The material below has pictures in it. Set down only the lines from the line containing "10/16(日) コーヒーショップ分解ツアースケジュール♩" through the line containing "2-7-1920 10-4-1990 Haren, Grad", word for word, and leave the pictures behind.

> **SUPPLIED RECORDS**:
********************

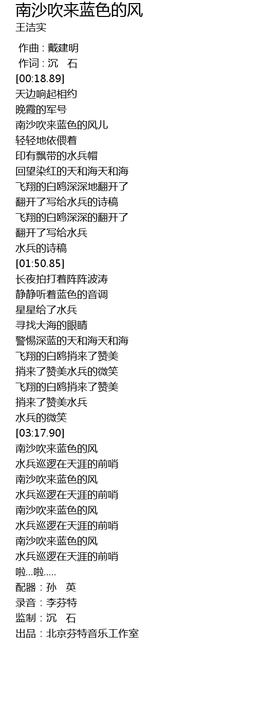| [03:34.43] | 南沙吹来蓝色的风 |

********************

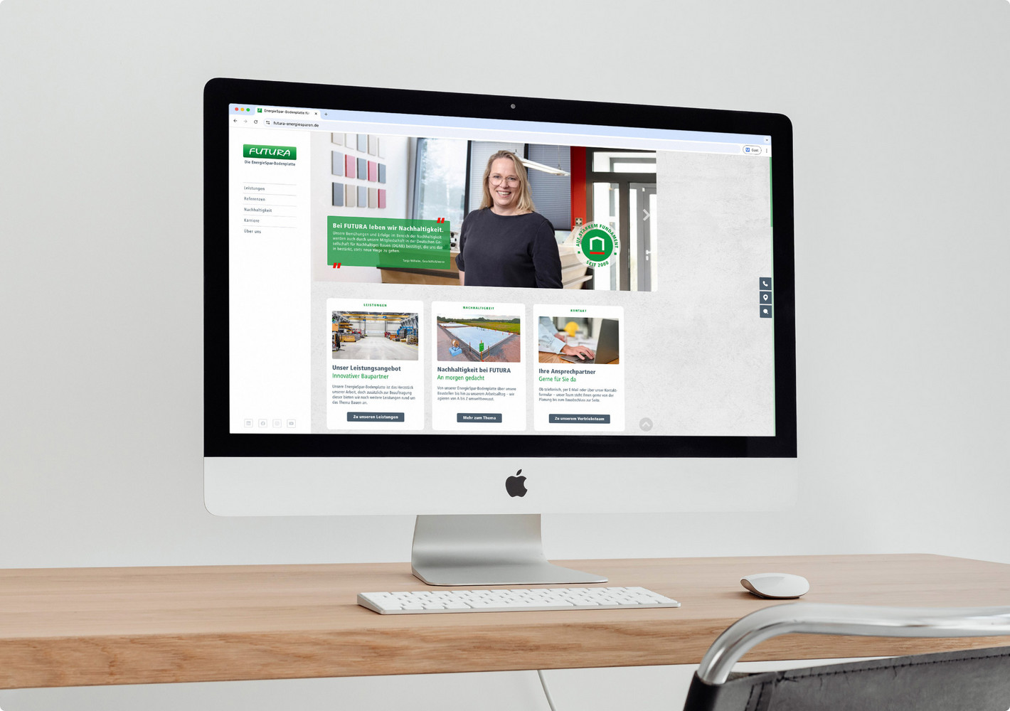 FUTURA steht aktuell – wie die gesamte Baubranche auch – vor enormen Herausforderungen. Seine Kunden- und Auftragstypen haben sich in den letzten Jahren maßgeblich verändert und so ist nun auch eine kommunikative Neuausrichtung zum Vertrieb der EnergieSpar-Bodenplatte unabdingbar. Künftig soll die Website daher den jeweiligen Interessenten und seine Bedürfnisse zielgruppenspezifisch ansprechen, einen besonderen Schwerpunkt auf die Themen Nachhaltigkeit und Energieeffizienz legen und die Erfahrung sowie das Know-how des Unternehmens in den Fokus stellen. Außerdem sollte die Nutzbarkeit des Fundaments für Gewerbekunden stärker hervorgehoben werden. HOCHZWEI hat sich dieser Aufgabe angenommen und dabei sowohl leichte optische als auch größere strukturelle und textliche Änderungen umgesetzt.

********************

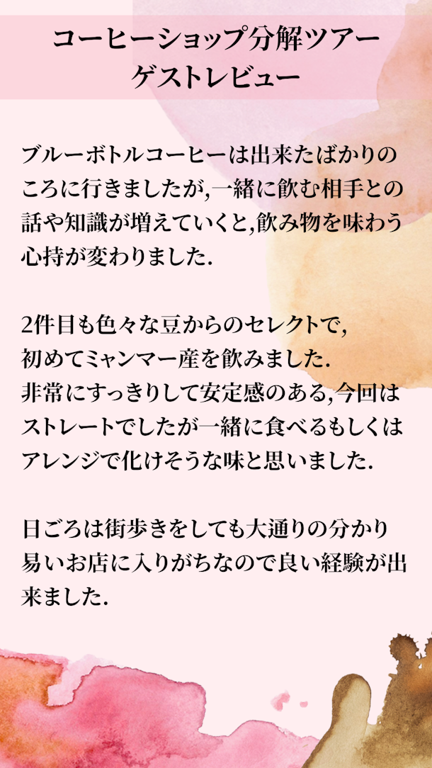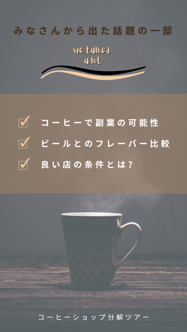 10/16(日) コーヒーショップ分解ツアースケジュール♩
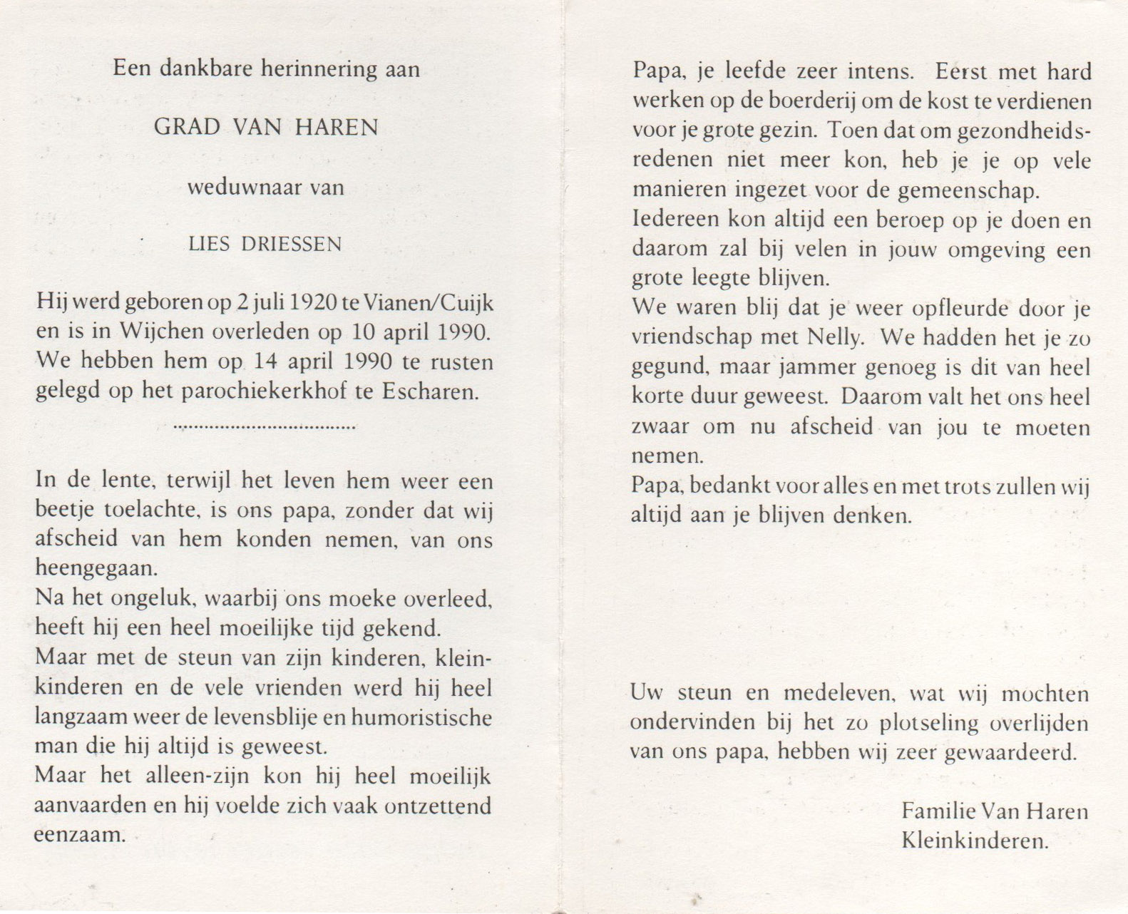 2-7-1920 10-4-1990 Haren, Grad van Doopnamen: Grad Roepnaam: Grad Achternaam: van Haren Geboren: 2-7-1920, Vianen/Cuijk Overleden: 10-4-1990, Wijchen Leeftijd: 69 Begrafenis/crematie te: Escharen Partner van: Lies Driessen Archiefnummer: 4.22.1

********************

> **EXPECTED ANSWER**:
 10/16(日) コーヒーショップ分解ツアースケジュール♩
 2-7-1920 10-4-1990 Haren, Grad van Doopnamen: Grad Roepnaam: Grad Achternaam: van Haren Geboren: 2-7-1920, Vianen/Cuijk Overleden: 10-4-1990, Wijchen Leeftijd: 69 Begrafenis/crematie te: Escharen Partner van: Lies Driessen Archiefnummer: 4.22.1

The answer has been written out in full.